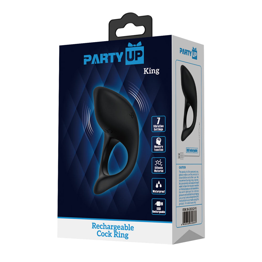 Rechargeable Party Up KING Cock Ring - Black (Body-Safe Silicone, USB Rechargeable)
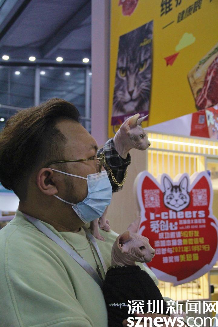 黏人的無毛貓與主人一同逛展。
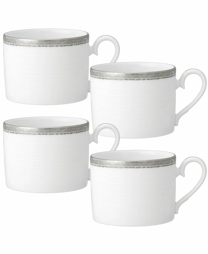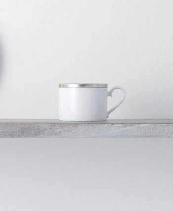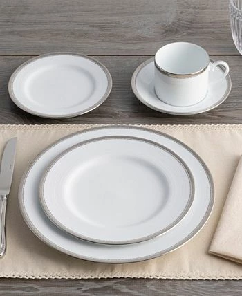 Whiteridge Platinum features multiple design elements. Items crafted in white porcelain feature ultrafine white-on-white raised ridges, which on selected items are alternated with a light grey. The wide outer platinum band is etched with waves flowing around the edge of each piece.

- Work item
Using the material above, return every line exactly as it appears, minus the pictures.

- Exercise answer
 Rechargeable Party Up KING Cock Ring - Black (Body-Safe Silicone, USB Rechargeable)
 黏人的無毛貓與主人一同逛展。
 Whiteridge Platinum features multiple design elements. Items crafted in white porcelain feature ultrafine white-on-white raised ridges, which on selected items are alternated with a light grey. The wide outer platinum band is etched with waves flowing around the edge of each piece.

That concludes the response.